# BMW Roadside Assistance vs. AAA



## mde83 (May 16, 2005)

So I have a 2016 X3. Being new it has BMW Roadside Assistance for the entire 3 years I will have the vehicle until I lease my next BMW is early 2019. I have 2 other vehicles as well, both of which are covered by their manufacturer's roadside assistance plans while under warranty (Dodge and GM).

I really am not into the whole AAA trip planning services. But beyond that, is there any compelling reason to keep my AAA membership that will be expiring, or just let it expire and rely on BMW Roadside Assistance.

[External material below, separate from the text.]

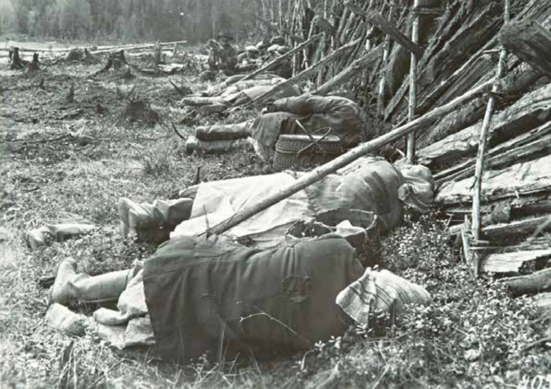
Kaskiviljelijät ruokalevolla, Maaningan Tuovilanlahdella vuonna 1928. Museovirasto, kuvaaja Ahti Rytkönen, 1928.

Muutokset kumpusivat osaltaan yhteiskunnan tilanteesta: esimerkiksi sisällissota ja 1930-luvun lama heikensivät toimeentuloa ja vähensivät avioitumista. Lapsiluvun säännöstely ja perhesuunnittelu voidaankin nähdä selviytymisstrategioina. 24 Perhesuunnittelun yleistyminen ei kuitenkaan ollut vain reagointia muuttuneisiin olosuhteisiin, vaan myös imeväiskuoleisuuden väheneminen vaikutti syntyneisyyden alenemiseen. 25

With the RFT's, etc., if I have a breakdown, I just do not want to be left on the side of the road for hours or have to have my BMW towed to the nearest dealer (5 miles from me) as opposed to MY dealer (25 miles from me). With AAA I have always been impressed with their response times and willingness to work with me on where the car gets towed. Not sure about BMW Roadside Assistance and their response times, etc...

Thoughts?


----------



## Totirid (Jan 20, 2016)

I find with the amount of traveling I do, the annual AAA membership cost is more than offset by the discounts I receive in hotel rate reductions. I've not ever used the BMW plan.


----------



## Doug Huffman (Apr 25, 2015)

We just let our AAA go for fear of getting a tow-hook rather than a tilt-bed. We will do what is necessary to keep the BMW with BMW-knowledgeable folks.


----------



## Wgosma (Sep 28, 2009)

Doug: I've owned (older) BMW's for 14 years and have had to use AAA 5-6 times- always request a flatbed and always got one....two of the treks were over 70 miles. Works for me, worth 80 bucks a year....plus I save a nickel on hotel rooms too.


----------



## mde83 (May 16, 2005)

Thanks for the replies folks. I do not do a great deal of traveling outside of central Florida where I live. And when I do it is on the company's dime. I think what I was wondering more than anything else, is has anyone noticed a difference in response times between AAA and BMW RA? I have always had good luck with AAA showing up within 30 minutes of me calling them. I have never used BMW RA. I just would not want to be on the side of the road for 3 hours waiting for BMW RA and wishing I had never cancelled my AAA membership....


----------